Massimo Vignelli no documentário “Helvetica”

Dois dos trabalhos mais célebres de Vignelli são identidades visuais que utilizam a Helvetica como sua tipografia principal: a identidade da American Airlines (que se manteve a mesma de 1961 até o início dos anos 2010) e todo o sistema de transporte e trânsito da cidade de Nova York, incluindo o metrô.

No documentário “Helvetica”, refletindo sobre a época de lançamento da tipografia, o designer holandês Wim Crouwel dá a dimensão de por que a tipografia foi tão difundida logo após seu lançamento.

Diz ele que a Helvetica “foi uma verdadeiro passo adiante com relação às tipografias do século 19. Ela era um pouco mais como se fosse feita por uma máquina, descartando detalhes manuais, o que nos deixava muito impressionados, porque era mais neutra. E ‘neutro’ era uma palavra de que gostávamos muito. [O design] não deveria ter um significado em si, o significado era dado pelo texto”.

A história das tipografias#

As letras europeias mais antigas que chegaram até os dias atuais são as maiúsculas gregas, com traços finos e compostas quase sempre por linhas retas. Elas eram desenhadas à mão e não tinham quase nenhum elemento ornamental.

INSCRIÇÕES DE DYPILON, DE 740 A.C. CONHECIDAS POR SEREM O MAIS ANTIGO REGISTRO DE USO DO ALFABETO GREGO

Com o tempo, os traços foram ficando mais grossos e com variações na espessura. E surgiram as serifas. O alfabeto latino usado durante o Império Romano serviu de modelo para tipógrafos durante mais de 2.000 anos.

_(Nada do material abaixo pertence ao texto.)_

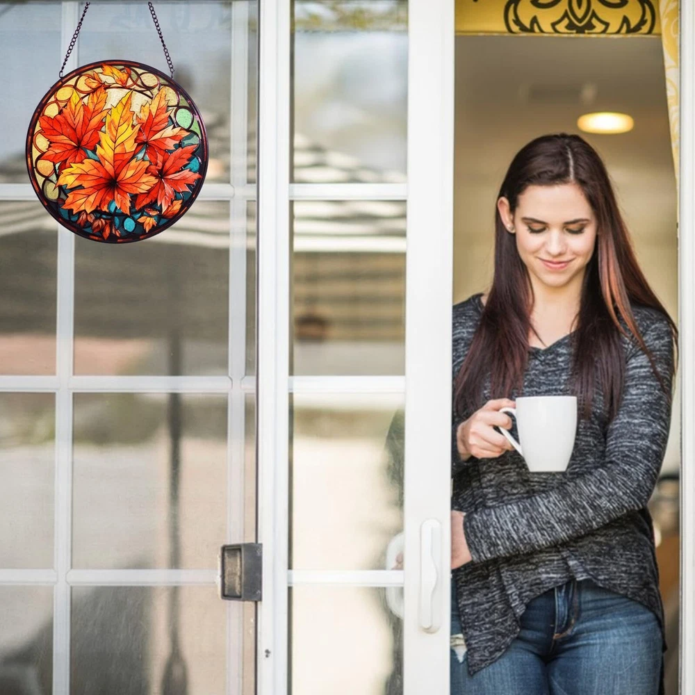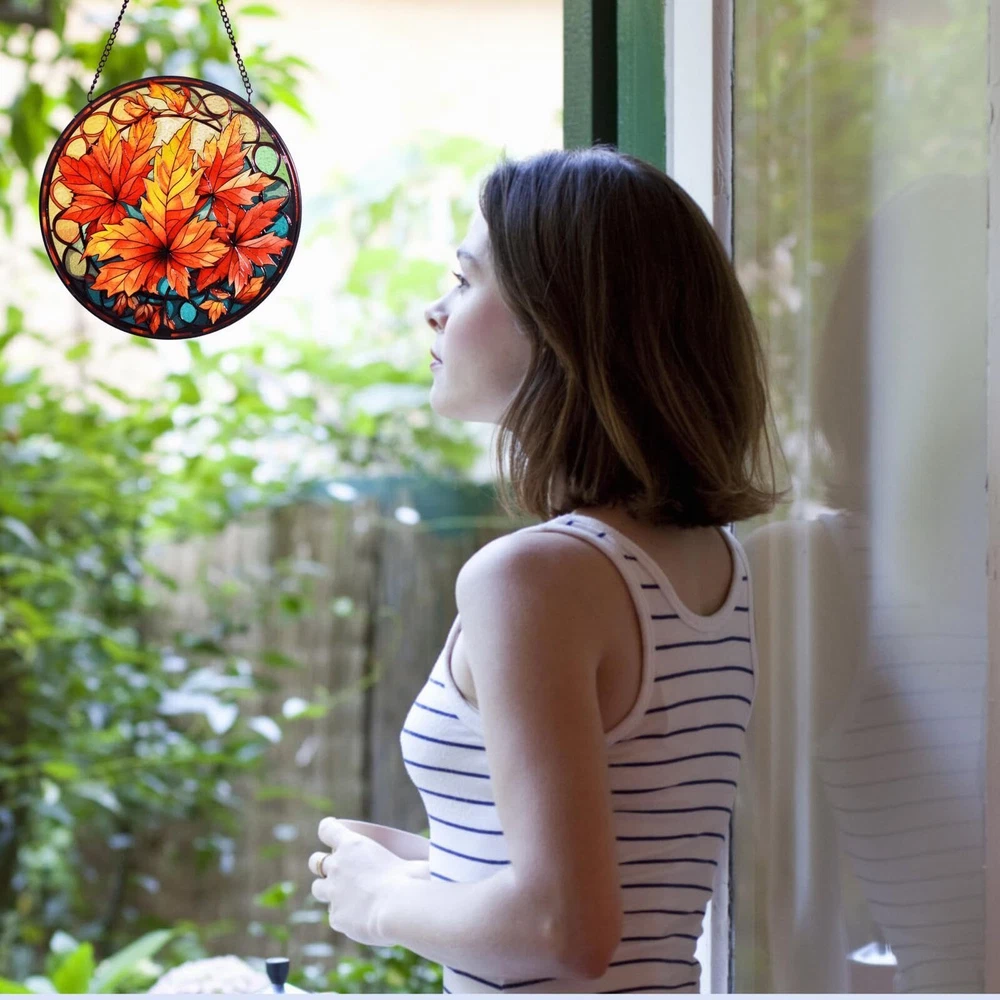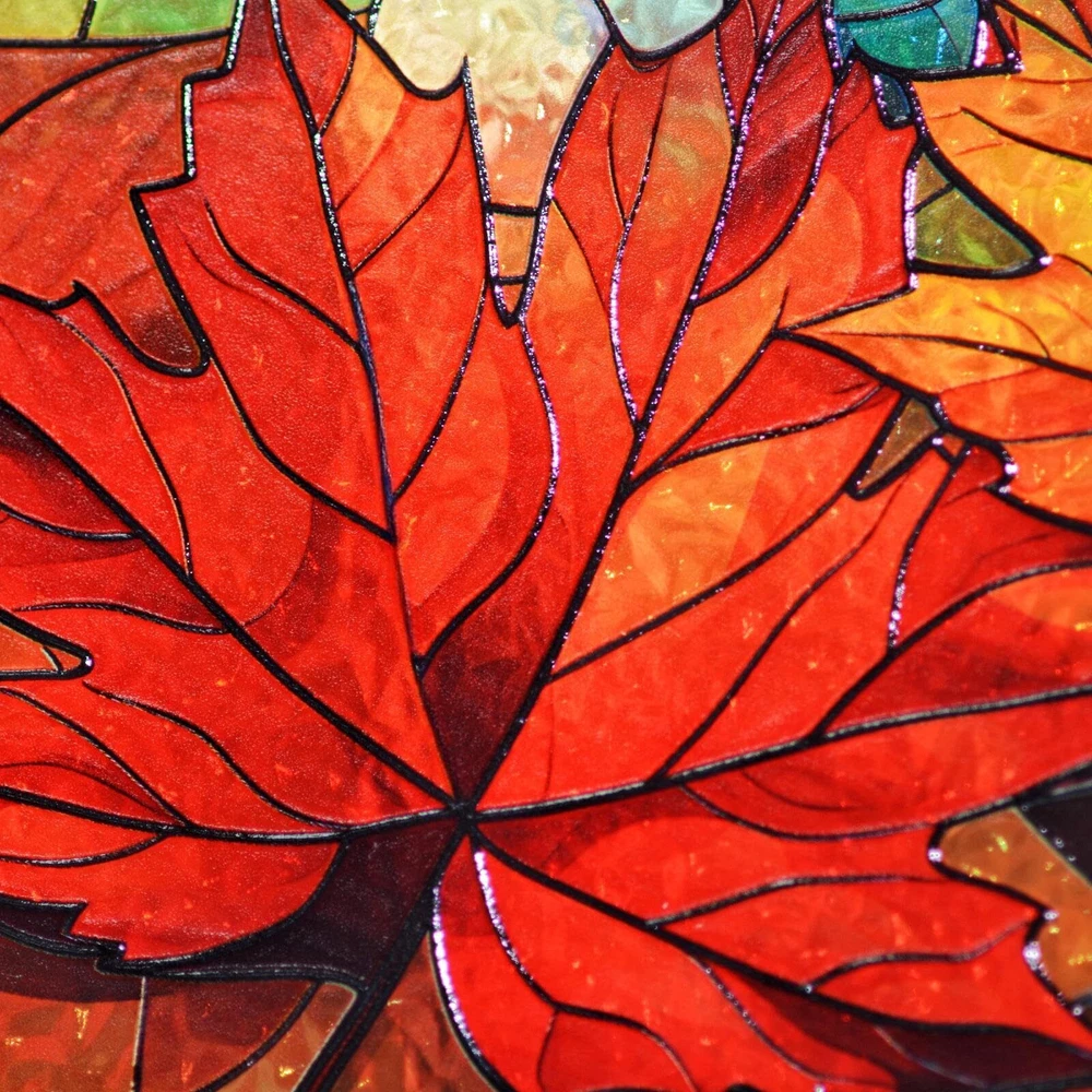 【Autumn Maple Leaves Suncatcher for Window】Personality stained glass window hanging suncatchers are perfect home window decorations, fall leaves is beautiful hanging in indoor window autumn suncatchers for windows are decorated in bright colors, and colorful patterns can always be seen from the inside out, illuminating life. 【Great Fall Leaves Decor】When the new autumn comes, stained glass window hanging warm autumn colors always bring good luck first. Yellow maple leaf trees are traditionally regarded as souvenirs for their harvest and festivals. They seemed in the sky shinning when the sunlight passes through it. 【Unique Thanksgiving Gift】Stained glass window hanging are great decoration for home, office, shop, restaurant, window display, coffee shop or wedding party decoration. There is no doubt that stained glass Sunflowers and butterflies suncatchers for windows is a unique memorial gift for the your lover. 【Colorful Transparent Hangings】Autumn Maple Leaves stained glass window hanging made of 100% GLASS, not just printed on poorly cut out metal, it is safe and durable, and sun catchers not easy to corrode.The transparent painted window suncatcher shape will present a very good effect in the sun, making the whole window look colorful. 【Guarantee & Service】 We offer you risk-free satisfaction guarantee to let you buy with confidence.If for any reason you are not fully satisfied about suncatcher for window, contact us for the first time, we will do everything we can help. Including returns and exchanges.
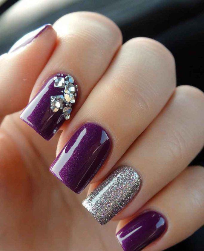 Deep plum nails paired with a silver glitter accent and crystal embellishments create a bold, luxurious early winter look. It’s rich, dramatic, and perfect for festive nights.
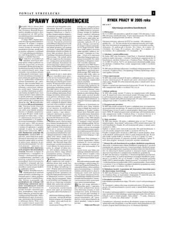 P O W I A T 5 S T R Z E L E C K I SPRAWY KONSUMENCKIE RYNEK PRACY W 2005 roku dok. ze str 3 P ocz¹tek roku to zawsze okres podsumowañ minionego okresu. Jako Powiatowy Rzecznik Konsu- mentów chcia³abym równie¿ w skró- cie podsumowaæ rok 2005 pod k¹- tem udzielonej pomocy mieszkañcom powiatu strzeleckiego. 23. lutego 2005 r. objê³am stano- wisko Powiatowego Rzecznika Kon- sumentów. W zwi¹zku z zwiêksze- niem etatu rzecznika zwiêkszy³ siê równie¿ dostêp do informacji dla mieszkañców powiatu: poradê mo¿- na uzyskaæ codziennie w godzinach 7-15. Czêæ udzielana jest telefonicz- nie, czêæ drog¹ mailow¹, a czêæ na miejscu, w siedzibie Starostwa. W wiêkszoci przypadków po udzieleniu stosownych infor- macji sprawy zostaj¹ wyjanione i za- koñczone pozytywnie na korzyæ konsumenta. Bior¹c pod uwagê liczbê udzielonych porad i liczbê oficjal- nie zarejestrowanych spraw mogê stwierdziæ, i¿ po uzyskaniu informa- cji dotycz¹cych swoich praw i mo¿- liwoci ich realizacji, konsumenci te prawa skutecznie egzekwuj¹. wiad- czy to o podnoszeniu wiadomoci zarówno konsumentów jak i sprzedawców. Jako rzecznika bardzo cie- szy fakt, i¿ konsumenci czêsto mnie informuj¹ o pozytywnym za³atwie- niu swoich spraw. Natomiast spra- u¿ytkowali towar niezgodnie z prze- Inspekcji Handlowej w Opolu z biorstwa. Z oficjalnie zarejestrowa- zowanych do koñca roku, z czego: 75 za³atwionych pozytywnie na rzecz konsumentów, a 14 negatyw- nie na rzecz konsumentów. Dwadzie- cia szeæ spraw z 2005 jest jeszcze nych przyczyn  zazwyczaj z po- nych przepisów lub niezasadnoci roszczeñ. Rzecznik wystêpuje do przedsiêbiorców o szczegó³owe in- formacje o okolicznociach sprawy, a niejednokrotnie z probami o jej ponowne rozpatrzenie (nawet w przypadkach kontrowersyjnych), szczególnie w sytuacjach, gdy konsument z ró¿nych powodów nie móg³ prawid³owo oceniæ sytuacji i skutków np. podpisania umowy. bardziej skomplikowanych i W niejednoznacznych sprawach spisano protokó³ z polubownego za- koñczenia sporu w trakcie spotkania ugodowego stron w siedzibie Rzecznika. Niestety s¹ przypadki, gdy przedsiêbiorca nie wykazuje woli polubownego zakoñczenia sporu gnacjê konsumentki bez op³aty specjalnej za odst¹pienie i anulo- swoich reklamacji. Konsumenci nie dawc¹, zawsze jednak maj¹ prawo do - informacji dotycz¹cej swoich praw i tak¹ informacjê od rzecznika uzy- dziale poci¹gu. PKP uzna³o oko- tywnie na rzecz konsumenta gdy¿ ci Rzecznika jest ochrona praw konsu- skutecznego dochodzenia roszczeñ. Wszystkie sprawy s¹ na bie¿¹co re- liwe do szybkiego zakoñczenia. Przed- z powodu wielu czynników wymaga jedynie cenê biletu odszkodowania za niew³aciwe wykonanie us³ugi pralniczej. Po ceny ga³a siê kwoty 3.240,32 z³. Konjêzykowy kurs korespondencyj- sumentka w roku 2000 zakupi³a niektóre sprawy dotycz¹ umów ny, nastêpnie z niego zrezygno- daj¹ dokumentacjê i trudno jest im udowodniæ stosowane przez nich praktyki. Jako Rzecznik mogê tylko wy. Jeli dzia³ania mediacyjne nie przynosz¹ efektów, mogê udzieliæ konsumentom pomocy zwi¹zanej z dochodzeniem swoich praw na drodze s¹dowej. agadnieniem, które budzi najwiêk Z sze w¹tpliwoci jeli chodzi o udzielane przeze mnie porady kon- sumenckie jest z kolei mo¿liwoæ zwrotu do sklepu niewadliwego to- waru. Przepisy prawa powszechnie obowi¹zuj¹cego w naszym kraju nie reguluj¹ tej kwestii i sprzedawcy nie maj¹ obowi¹zku przyjmowania zwrotu zakupionych towarów z powodu zmiany decyzji konsumenta. Zale¿y to od ich dobrej woli. Kupuj¹cy cza- sem nie s¹ w stanie tego zrozumieæ. Jednak takie zachowanie sprzedaw- - temu, zwrotu kwoty ceny biletu oraz ¿¹danego odszkodowania konsu- mentce, która w zwi¹zku z win¹ firmy przewozowej nie wyjecha³a w planowanym terminie za gra- nicê Rzecznik realizuje ponadto zada- nia wynikaj¹ce z opracowanego Powiatowego Programu Edukacji Kon- sumenckiej (lekcje z zakresu podstaw prawa konsumenckiego w szko³ach rednich, artyku³y prasowe, akcje informacyjne wród osób starszych etc). Na stronie internetowej Powia- tu Strzeleckiego znajduje siê równie¿ poradnik dla konsumentów Vademe- cum konsumenta, który zawiera podstawy prawa konsumenckiego. ior¹c pod uwagê zg³aszane u mi mo uz a s a dni o ny c h r o s z c z e ñ ców nie jest naruszeniem prawa. B przeze mnie spraw po interwencji mnie interwencje uwa¿am, i¿ warto praw, przedsiêbiorcy czuj¹ siê bez- karni i zdarza siê, ¿e nawet nie odpo- wiadaj¹ na pisma Rzecznika. Jedne z najtrudniejszych spraw do pozytyw- Z pozytywnie zrealizowanych szczególnie zadowolona by³am m.in. z: - nego zakoñczenia dla konsumentów rystycznej  kolonie dla dziecka, których program by³ niezgodny to reklamacje obuwia. Wiele z nich z ofert¹ - zwrot ca³ej kwoty ko- jest rozpatrywanych negatywnie przez sprzedawców, jeli konsumenci zakoñczenia reklamacji us³ugi tu- - lonii  1.139 z³ uznania przez Orange PKT Cen- 6 osób kontynuowa³o pracê w ramach umów zawartych w 2004 r. Ogó³em w ramach robót publicznych pracowa³o 155 osób, w tym celu zosta³y zaanga¿owane rodki w wysokoci 500,2 tys z³. W 2005 roku zosta³o zawartych 29 umów z zak³adami pracy na zorganizowa- 29 miejsc pracy (w tym 21 umów w ramach projektu Moja szansa realizowanych z EFS). W ramach przygotowania zawodowego osób bezrobotnych zo- sta³y zaanga¿owane rodki z Funduszu Pracy w wysokoci 95,6 tys z³. Z grupy 15 osób, które ukoñczy³y program 7 osób uzyska³o zatrudnienie. 6. Sta¿e zawodowe W 2005 roku zawarto 158 umów z zak³adami pracy (w tym 72 umowy w osób bezrobotnych. Ponadto 48 osób kontynuowa³o pracê w ramach umów Ogó³em w ramach umów sta¿owych pracowa³o 206 osób bezrobotnych, w tym celu zosta³y zaanga¿owane rodki w wysokoci 642,9 tys z³. Ponadto w ramach umów zawartych w 2004 roku w ramach projektu Szan- znalezienia firmy dzia³aj¹cej w systemie argentyñskim i dopro- posiada dowodów naruszenia jego konsumenta. Je

INSCRIÇÕES NA BASE DA COLUNA DE TRAJANO, EM ROMA, DE 113 A.C.

Serifa

A serifa é um traço adicionado ao início ou fim das extremidades principais de uma letra. Especula-se que tenha surgido com o uso do pincel chato na caligrafia, graças à sua capacidade de evitar rachaduras nas letras talhadas em pedra. Até hoje, os tipos serifados são utilizados principalmente em textos longos. Acredita-se que as linhas criadas pelas serifas na base e no topo do texto facilitem a leitura.

A partir da disseminação do alfabeto latino pelo mundo, os escribas, responsáveis pela composição dos textos, criaram novos estilos ao longo da Idade Média, todos desenhados à mão.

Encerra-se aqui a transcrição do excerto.